SOURCE DATA START
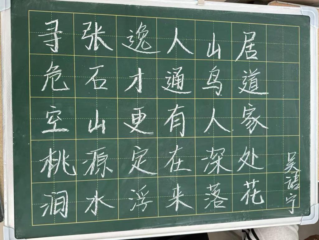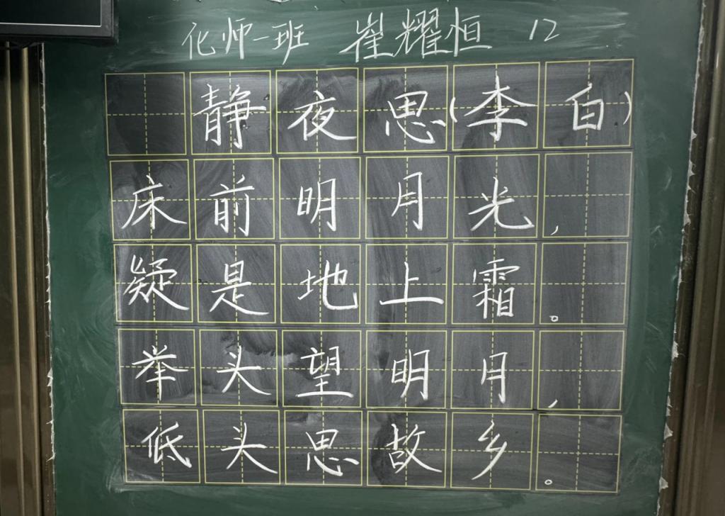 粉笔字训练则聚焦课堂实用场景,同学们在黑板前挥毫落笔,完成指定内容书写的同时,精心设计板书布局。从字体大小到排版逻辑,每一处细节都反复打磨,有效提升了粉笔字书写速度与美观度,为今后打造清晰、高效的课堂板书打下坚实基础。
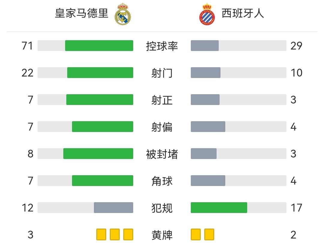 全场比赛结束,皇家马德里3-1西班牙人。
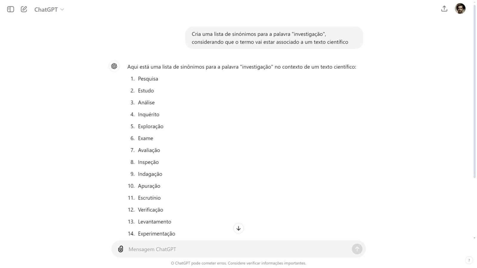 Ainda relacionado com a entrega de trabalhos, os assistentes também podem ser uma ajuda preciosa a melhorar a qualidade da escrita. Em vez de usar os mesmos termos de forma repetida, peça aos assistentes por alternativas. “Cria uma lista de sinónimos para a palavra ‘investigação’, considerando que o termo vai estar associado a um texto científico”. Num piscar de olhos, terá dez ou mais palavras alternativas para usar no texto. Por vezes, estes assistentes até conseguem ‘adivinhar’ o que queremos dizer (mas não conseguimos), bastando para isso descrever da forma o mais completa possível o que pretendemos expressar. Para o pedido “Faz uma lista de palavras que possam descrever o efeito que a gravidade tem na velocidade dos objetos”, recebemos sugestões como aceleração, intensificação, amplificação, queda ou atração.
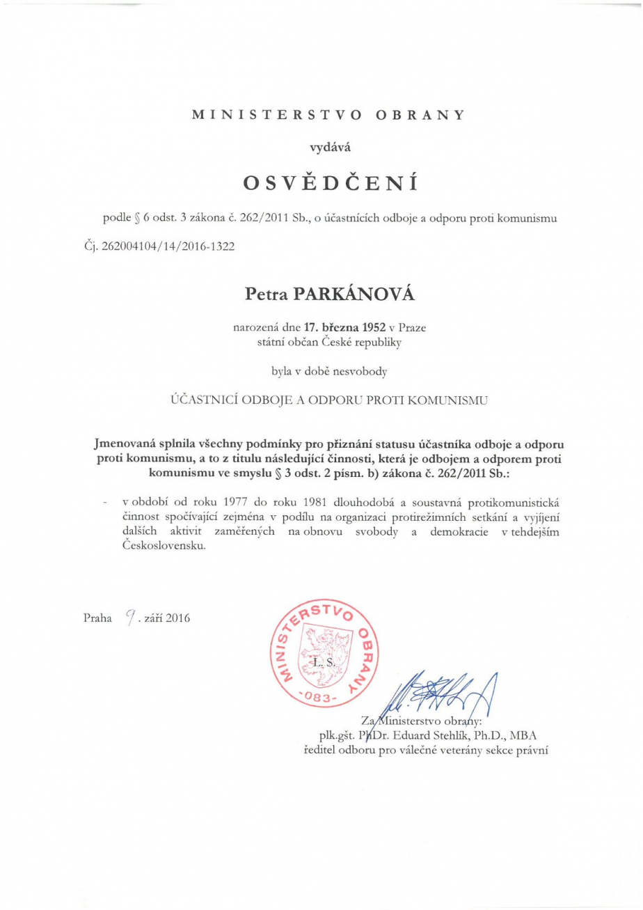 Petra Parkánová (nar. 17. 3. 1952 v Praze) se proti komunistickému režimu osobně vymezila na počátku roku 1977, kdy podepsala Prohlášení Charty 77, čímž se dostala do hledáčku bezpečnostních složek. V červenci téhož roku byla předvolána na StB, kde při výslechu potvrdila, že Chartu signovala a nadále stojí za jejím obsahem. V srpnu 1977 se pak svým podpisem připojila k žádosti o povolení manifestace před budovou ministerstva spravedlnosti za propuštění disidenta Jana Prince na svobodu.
SOURCE DATA END
■ WHAT IS EXPECTED: The entire listing is to be printed exactly, with each picture omitted.

■ WORKED SOLUTION:
 粉笔字训练则聚焦课堂实用场景,同学们在黑板前挥毫落笔,完成指定内容书写的同时,精心设计板书布局。从字体大小到排版逻辑,每一处细节都反复打磨,有效提升了粉笔字书写速度与美观度,为今后打造清晰、高效的课堂板书打下坚实基础。
 全场比赛结束,皇家马德里3-1西班牙人。
 Ainda relacionado com a entrega de trabalhos, os assistentes também podem ser uma ajuda preciosa a melhorar a qualidade da escrita. Em vez de usar os mesmos termos de forma repetida, peça aos assistentes por alternativas. “Cria uma lista de sinónimos para a palavra ‘investigação’, considerando que o termo vai estar associado a um texto científico”. Num piscar de olhos, terá dez ou mais palavras alternativas para usar no texto. Por vezes, estes assistentes até conseguem ‘adivinhar’ o que queremos dizer (mas não conseguimos), bastando para isso descrever da forma o mais completa possível o que pretendemos expressar. Para o pedido “Faz uma lista de palavras que possam descrever o efeito que a gravidade tem na velocidade dos objetos”, recebemos sugestões como aceleração, intensificação, amplificação, queda ou atração.
 Petra Parkánová (nar. 17. 3. 1952 v Praze) se proti komunistickému režimu osobně vymezila na počátku roku 1977, kdy podepsala Prohlášení Charty 77, čímž se dostala do hledáčku bezpečnostních složek. V červenci téhož roku byla předvolána na StB, kde při výslechu potvrdila, že Chartu signovala a nadále stojí za jejím obsahem. V srpnu 1977 se pak svým podpisem připojila k žádosti o povolení manifestace před budovou ministerstva spravedlnosti za propuštění disidenta Jana Prince na svobodu.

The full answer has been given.